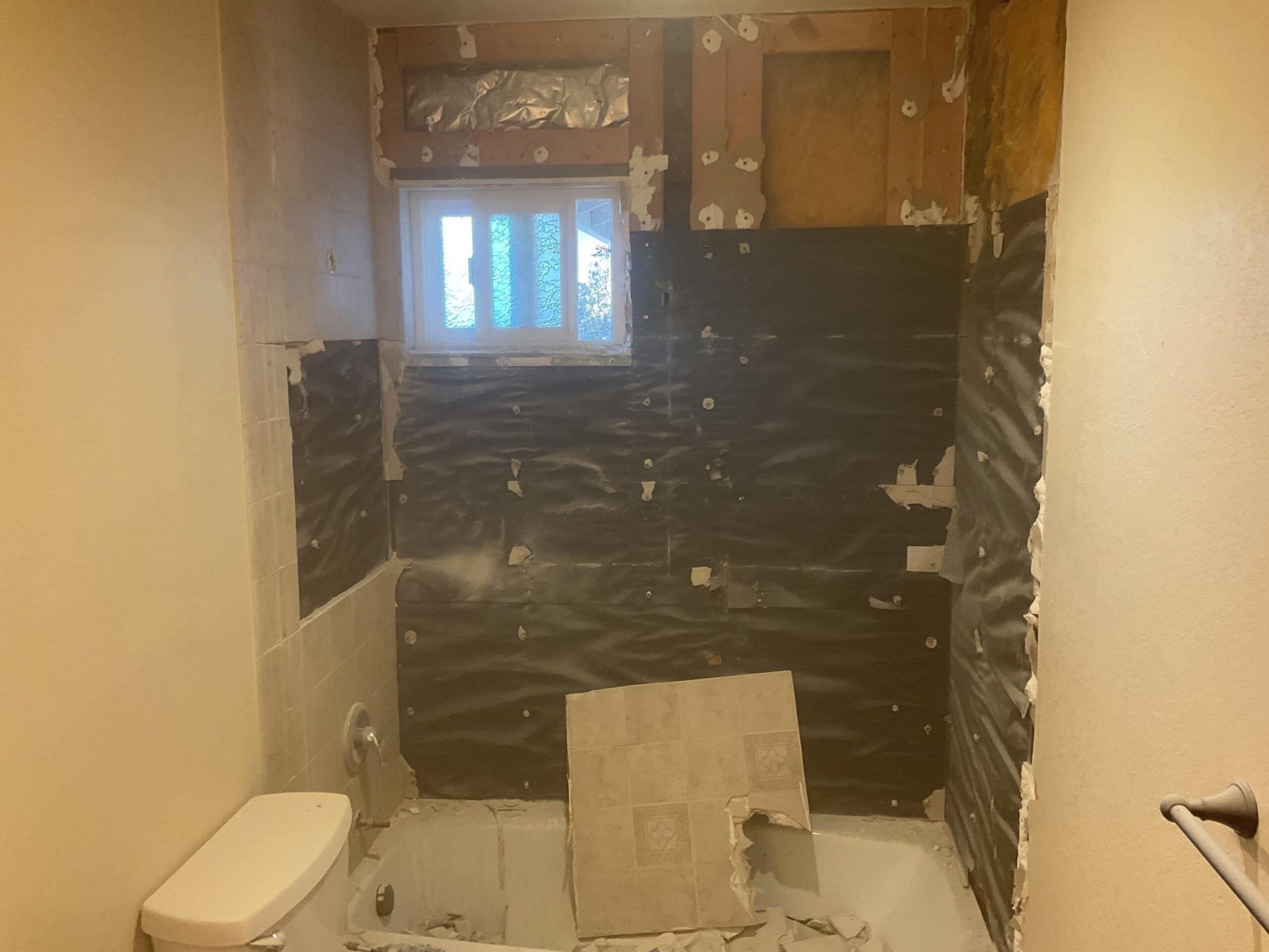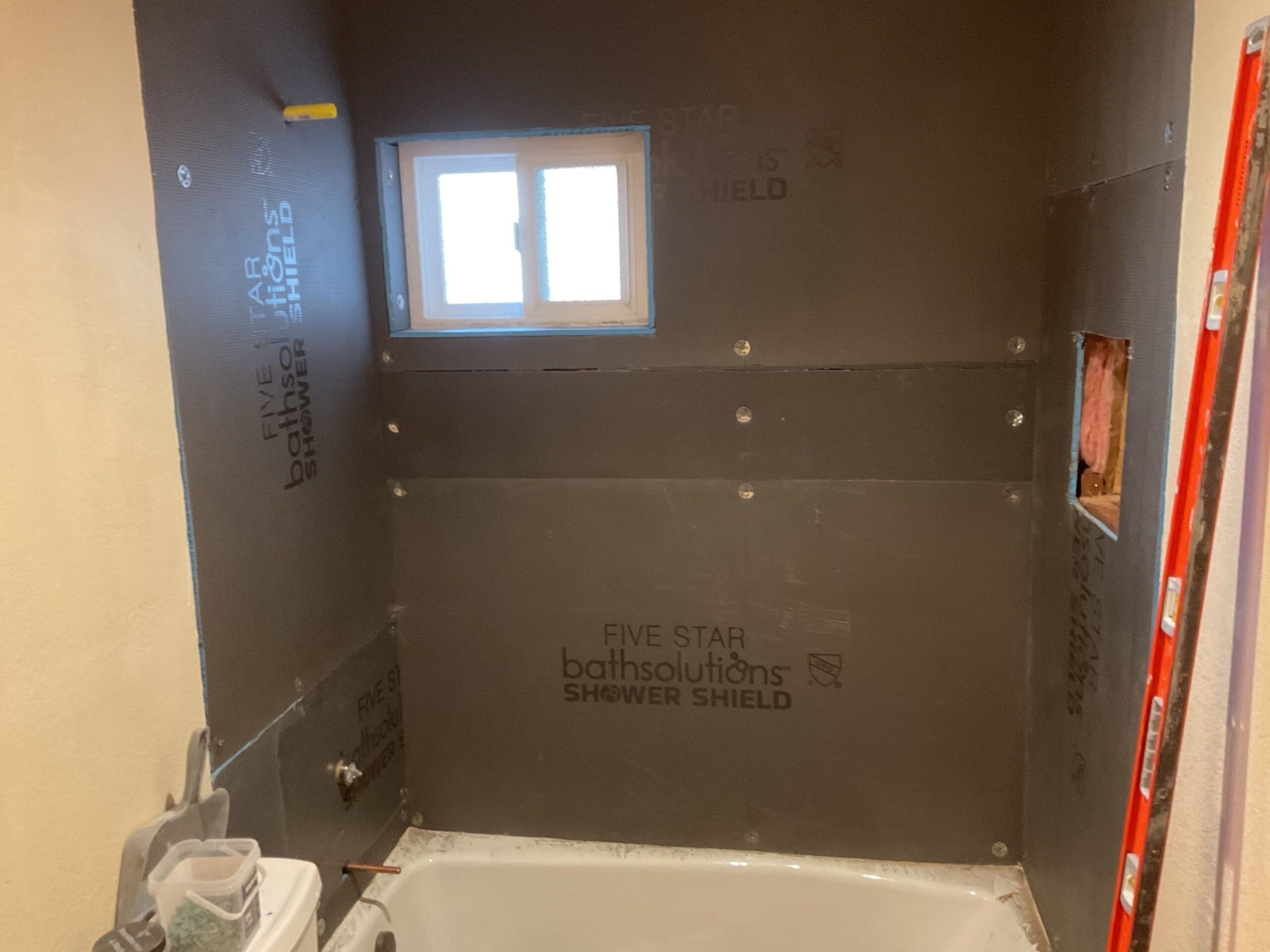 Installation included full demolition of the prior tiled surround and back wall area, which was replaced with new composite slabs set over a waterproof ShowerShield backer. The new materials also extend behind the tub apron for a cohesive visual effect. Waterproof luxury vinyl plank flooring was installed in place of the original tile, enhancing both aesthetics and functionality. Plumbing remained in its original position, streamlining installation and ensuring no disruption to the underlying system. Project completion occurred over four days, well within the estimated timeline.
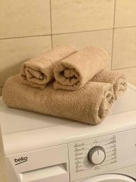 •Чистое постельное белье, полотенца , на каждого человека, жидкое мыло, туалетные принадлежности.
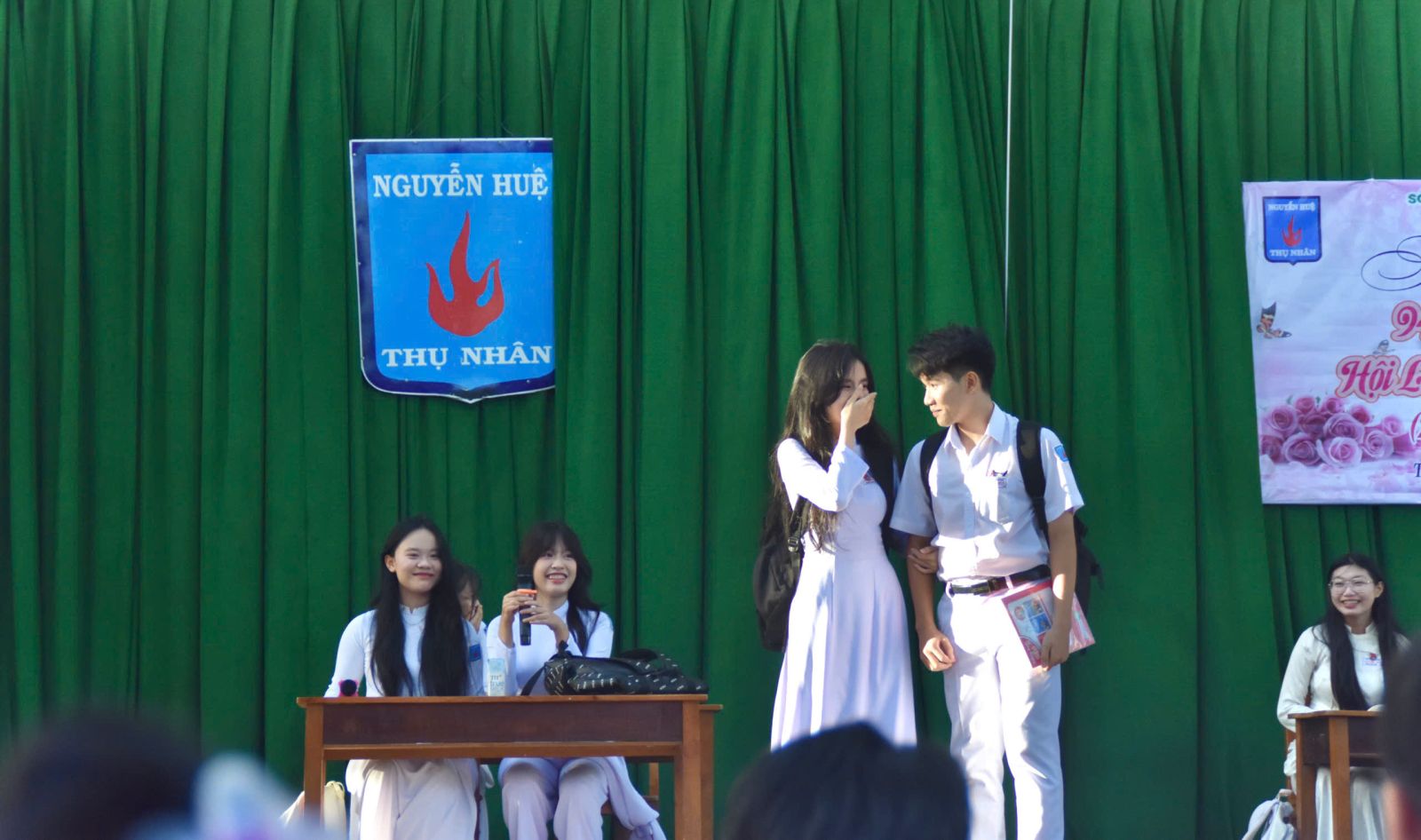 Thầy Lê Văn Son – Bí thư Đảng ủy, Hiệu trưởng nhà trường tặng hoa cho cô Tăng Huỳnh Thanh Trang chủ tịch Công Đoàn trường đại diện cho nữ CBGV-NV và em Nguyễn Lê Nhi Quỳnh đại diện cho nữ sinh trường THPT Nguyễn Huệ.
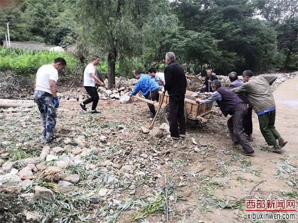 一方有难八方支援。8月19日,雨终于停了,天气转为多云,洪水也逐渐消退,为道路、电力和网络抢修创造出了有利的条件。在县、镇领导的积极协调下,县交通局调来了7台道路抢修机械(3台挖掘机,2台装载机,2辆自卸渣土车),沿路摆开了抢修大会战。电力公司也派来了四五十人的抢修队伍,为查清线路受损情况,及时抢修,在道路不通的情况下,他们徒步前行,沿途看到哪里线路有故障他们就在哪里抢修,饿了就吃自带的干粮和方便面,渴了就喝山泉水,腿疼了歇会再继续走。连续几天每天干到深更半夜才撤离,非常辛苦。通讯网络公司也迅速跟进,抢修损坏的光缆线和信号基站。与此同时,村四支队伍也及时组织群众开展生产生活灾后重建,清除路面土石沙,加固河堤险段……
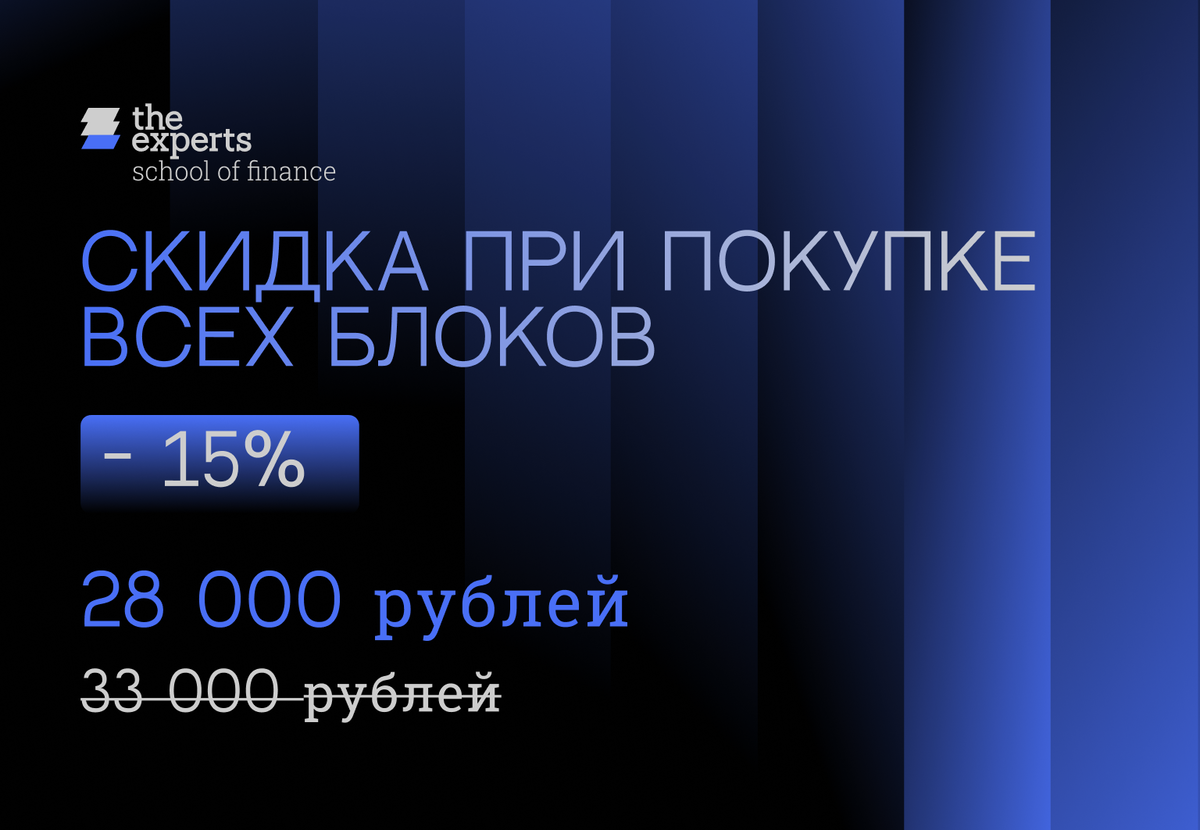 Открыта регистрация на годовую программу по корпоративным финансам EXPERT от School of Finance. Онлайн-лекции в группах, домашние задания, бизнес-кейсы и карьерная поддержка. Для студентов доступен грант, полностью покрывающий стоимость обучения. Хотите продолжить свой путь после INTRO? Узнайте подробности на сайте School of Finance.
•••••
### WORK TO BE COMPLETED
Starting at the line that holds "мыло, туалетные принадлежности.", print each line through the last one of the entries above, exactly and with both ends included; no pictures.

### RESPONSE TO THE EXERCISE
 •Чистое постельное белье, полотенца , на каждого человека, жидкое мыло, туалетные принадлежности.
 Thầy Lê Văn Son – Bí thư Đảng ủy, Hiệu trưởng nhà trường tặng hoa cho cô Tăng Huỳnh Thanh Trang chủ tịch Công Đoàn trường đại diện cho nữ CBGV-NV và em Nguyễn Lê Nhi Quỳnh đại diện cho nữ sinh trường THPT Nguyễn Huệ.
 一方有难八方支援。8月19日,雨终于停了,天气转为多云,洪水也逐渐消退,为道路、电力和网络抢修创造出了有利的条件。在县、镇领导的积极协调下,县交通局调来了7台道路抢修机械(3台挖掘机,2台装载机,2辆自卸渣土车),沿路摆开了抢修大会战。电力公司也派来了四五十人的抢修队伍,为查清线路受损情况,及时抢修,在道路不通的情况下,他们徒步前行,沿途看到哪里线路有故障他们就在哪里抢修,饿了就吃自带的干粮和方便面,渴了就喝山泉水,腿疼了歇会再继续走。连续几天每天干到深更半夜才撤离,非常辛苦。通讯网络公司也迅速跟进,抢修损坏的光缆线和信号基站。与此同时,村四支队伍也及时组织群众开展生产生活灾后重建,清除路面土石沙,加固河堤险段……
 Открыта регистрация на годовую программу по корпоративным финансам EXPERT от School of Finance. Онлайн-лекции в группах, домашние задания, бизнес-кейсы и карьерная поддержка. Для студентов доступен грант, полностью покрывающий стоимость обучения. Хотите продолжить свой путь после INTRO? Узнайте подробности на сайте School of Finance.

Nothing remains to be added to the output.